Volvió a guiñarles un ojo pícaramente. Ron miraba a Lockhart con una
expresión de incredulidad en el rostro; Seamus Finnigan y Dean Thomas, que
se sentaban delante, se convulsionaban en una risa silenciosa. Hermione, por
el contrario, escuchaba a Lockhart con embelesada atención y dio un respingo
cuando éste mencionó su nombre.

—... pero la señorita Hermione Granger sí conoce mi ambición secreta, que
es librar al mundo del mal y comercializar mi propia gama de productos para el
cuidado del cabello, ¡buena chica! De hecho —dio la vuelta al papel—, ¡está
perfecto! ¿Dónde está la señorita Hermione Granger?

Hermione alzó una mano temblorosa.

—¡Excelente! —dijo Lockhart con una sonrisa—, ¡excelente! ¡Diez puntos
para Gryffindor! Y en cuanto a...

De debajo de la mesa sacó una jaula grande, cubierta por una funda, y la
puso encima de la mesa, para que todos la vieran.

—Ahora, ¡cuidado! Es mi misión dotaros de defensas contra las más
horrendas criaturas del mundo mágico. Puede que en esta misma aula os
tengáis que encarar a las cosas que más teméis. Pero sabed que no os
ocurrirá nada malo mientras yo esté aquí. Todo lo que os pido es que conservéis
la calma.

En contra de lo que se había propuesto, Harry asomó la cabeza por detrás
del montón de libros para ver mejor la jaula. Lockhart puso una mano sobre la
funda. Dean y Seamus habían dejado de reír. Neville se encogía en su asiento
de la primera fila.

—Tengo que pediros que no gritéis —dijo Lockhart en voz baja—. Podrían
enfurecerse.

Cuando toda la clase estaba con el corazón en un puño, Lockhart levantó
la funda.


—Sí —dijo con entonación teatral—, duendecillos de Cornualles recién
cogidos.

Seamus Finnigan no pudo controlarse y soltó una carcajada que ni siquiera
Lockhart pudo interpretar como un grito de terror.

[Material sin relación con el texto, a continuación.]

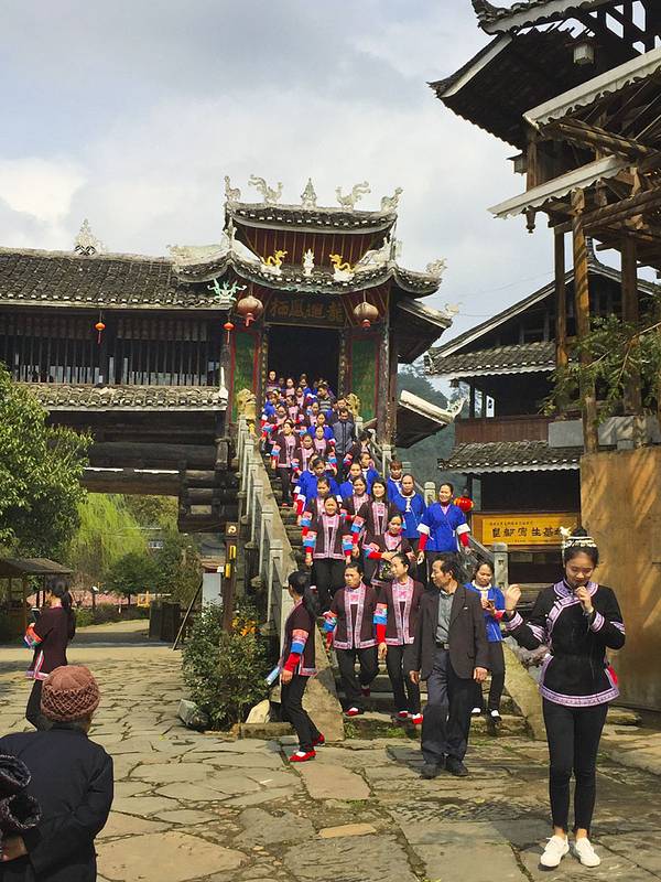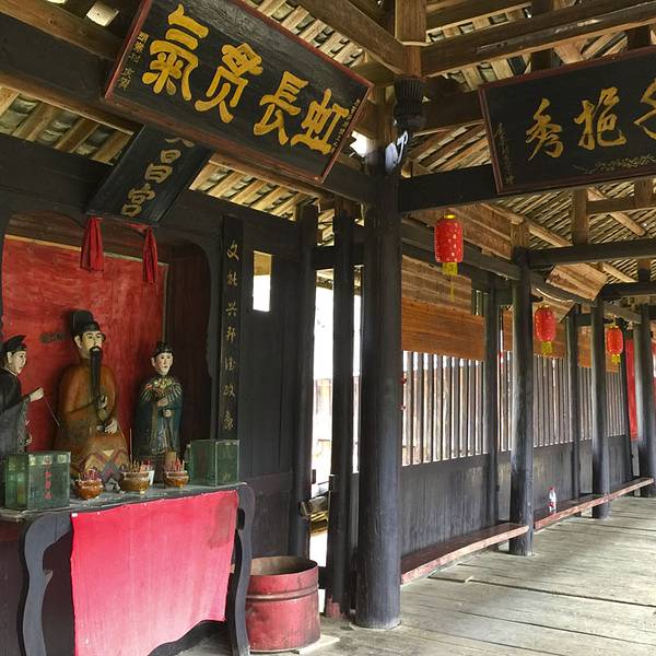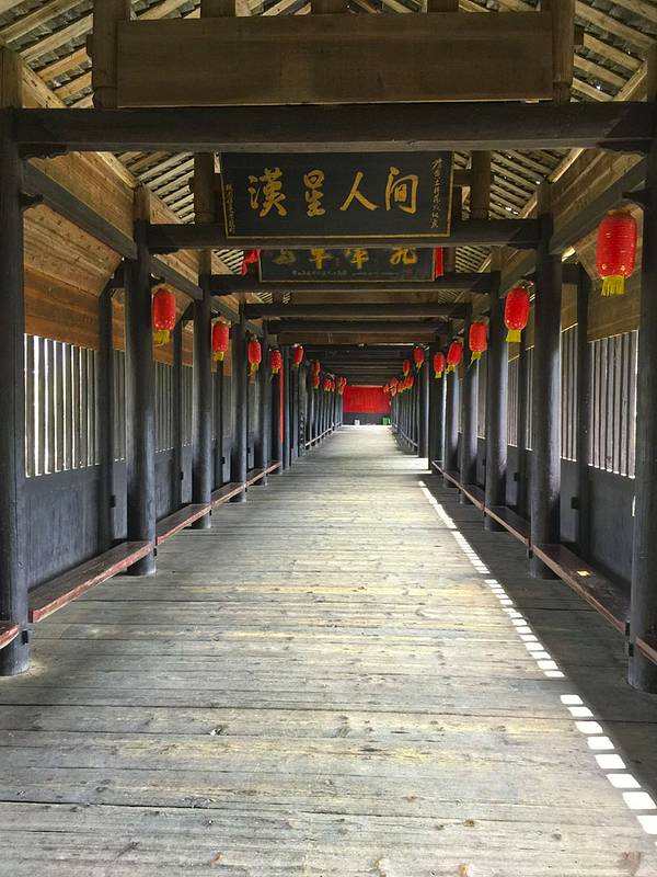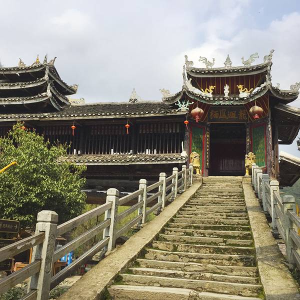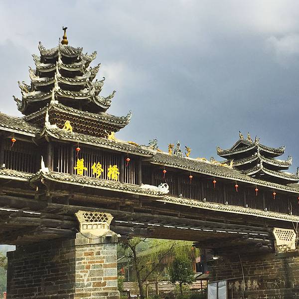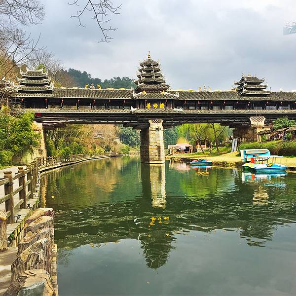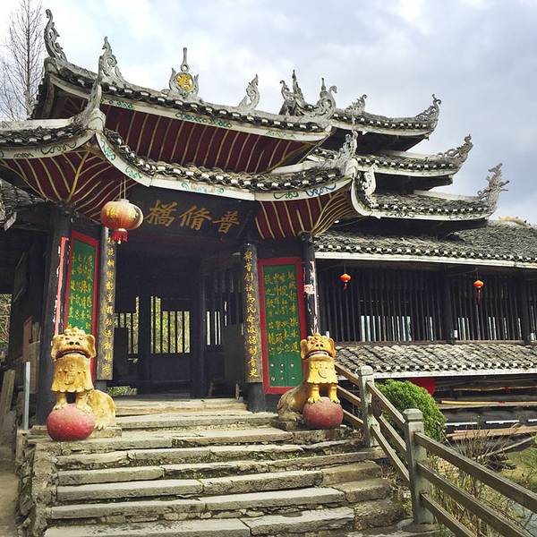普修桥位于湖南通道县皇都侗文化村内,是一座漂亮经典的侗族廊桥,始建于清乾隆年间,后毁于洪水,清嘉庆八年重修,1984年复修,2007年寨民对桥体又进行维修。所有古迹必需这样不断维修才能保存至今,只是修缮的水平有所差异,不要修成崭新模样。普修桥如今的欣赏状态非常不错,让我很满意。桥全长57米多,宽4.2米,桥身为重檐长廊,两侧是直棂窗,有三座桥亭,桥两端各设一座桥门,为重檐歇山顶,屋脊和檐角泥塑龙凤等,桥门都朝向一侧,而不是正中,这点也很有特色,在一般廊桥中很少见。桥门两边桥亭为三重檐,中间桥亭有七重密檐,下三层为方形平面,上四层为八角攒尖葫芦顶,顶尖泥塑青鸟一只,也是能迎风鸣响的。桥亭檐角起翘高挑,雕塑精致,曲线优美。桥廊脊泥塑两组双龙戏宝,宝珠用小块玻璃境片组合镶嵌而成,装上风叶,风起叶动,声光交映,美不可言。 檐板上彩绘各式各样花草,五彩缤纷,艳丽多姿。三座桥亭内设神龛,中亭关圣殿,两端亭分设始祖祠和文昌宫。哇!真是非常复杂的一座廊桥,在阳光下美艳无比。让我爱不释手地围着看着、赏着、拍着,不想离开。外面看够了,又回到桥厢内坐着,东摸西看。这时来了一队身着民族服装的侗族队伍,听说好像是程阳八寨来这里学习取经来的,阳光下从桥门走下来,一下子给古桥增加了灵动气息。实用攻略: 门票: 100元,4月20日-12月20日 70元,学生和老人(60-69周岁) 5折优惠票。 开放时间:8:00-18:00 交通: 从通道县城有到皇都的班车,半小时车程,车次较多方便。 住宿:普修桥头的聚友客栈,是网友推荐的,但真的很勉强,窗子又破又小,木屋条件简陋,舒适度很低。后来玩到村子里面发现有两个规模大些的客栈,条件应该好些,但窗外没景色。美食:聚友客栈楼下就有小饭馆,味道价格还不错。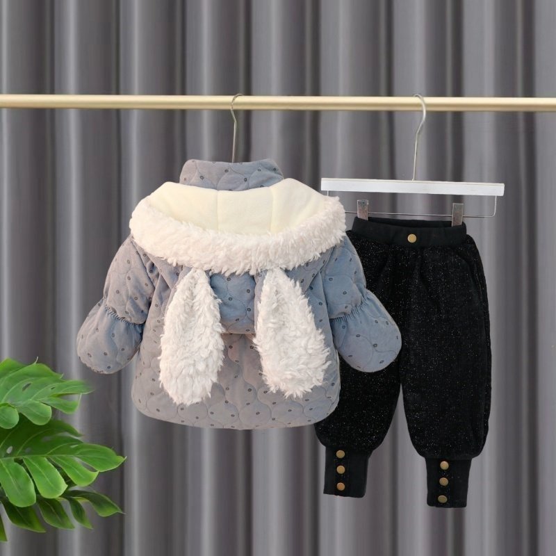 女童加绒套装秋冬季2026新款洋气时髦女宝宝巨好看棉服冬装两件套

—¿Sí? —Lockhart sonrió a Seamus.

—Bueno, es que no son... muy peligrosos, ¿verdad? —se explicó Seamus
con dificultad.

—¡No estés tan seguro! —dijo Lockhart, apuntando a Seamus con un dedo
acusador—. ¡Pueden ser unos seres endemoniadamente engañosos!

Los duendecillos eran de color azul eléctrico y medían unos veinte
centímetros de altura, con rostros afilados y voces tan agudas y estridentes que
era como oír a un montón de periquitos discutiendo. En el instante en que
había levantado la funda, se habían puesto a parlotear y a moverse como
locos, golpeando los barrotes para meter ruido y haciendo muecas a los que
tenían más cerca.

—Está bien —dijo Lockhart en voz alta—. ¡Veamos qué hacéis con ellos!
—Y abrió la jaula.

Se armó un pandemónium. Los duendecillos salieron disparados como
cohetes en todas direcciones. Dos cogieron a Neville por las orejas y lo alzaron
en el aire. Algunos salieron volando y atravesaron las ventanas, llenando de
cristales rotos a los de la fila de atrás. El resto se dedicó a destruir la clase más
rápidamente que un rinoceronte en estampida. Cogían los tinteros y rociaban
de tinta la clase, hacían trizas los libros y los folios, rasgaban los carteles de las
paredes, le daban vuelta a la papelera y cogían bolsas y libros y los arrojaban
por las ventanas rotas. Al cabo de unos minutos, la mitad de la clase se había
refugiado debajo de los pupitres y Neville se balanceaba colgando de la
lámpara del techo.

—Vamos ya, rodeadlos, rodeadlos, sólo son duendecillos... —gritaba
Lockhart.

Se remangó, blandió su varita mágica y gritó:

—¡Peskipiski Pestenomi!

No sirvió absolutamente de nada; uno de los duendecillos le arrebató la
varita y la tiró por la ventana. Lockhart tragó saliva y se escondió debajo de su
mesa, a tiempo de evitar ser aplastado por Neville, que cayó al suelo un segundo
más tarde, al ceder la lámpara.

Sonó la campana y todos corrieron hacia la salida. En la calma relativa que
siguió, Lockhart se irguió, vio a Harry, Ron y Hermione y les dijo:

—Bueno, vosotros tres meteréis en la jaula los que quedan. —Salió y cerró
la puerta.


—¿Habéis visto? —bramó Ron, cuando uno de los duendecillos que
quedaban le mordió en la oreja haciéndole daño.

—Sólo quiere que adquiramos experiencia práctica —dijo Hermione,
inmovilizando a dos duendecillos a la vez con un útil hechizo congelador y
metiéndolos en la jaula.

—¿Experiencia práctica? —dijo Harry, intentando atrapar a uno que
bailaba fuera de su alcance sacando la lengua—. Hermione, él no tenía ni idea
de lo que hacía.

—Mentira —dijo Hermione—. Ya has leído sus libros, fíjate en todas las
cosas asombrosas que ha hecho...

—Que él dice que ha hecho —añadió Ron.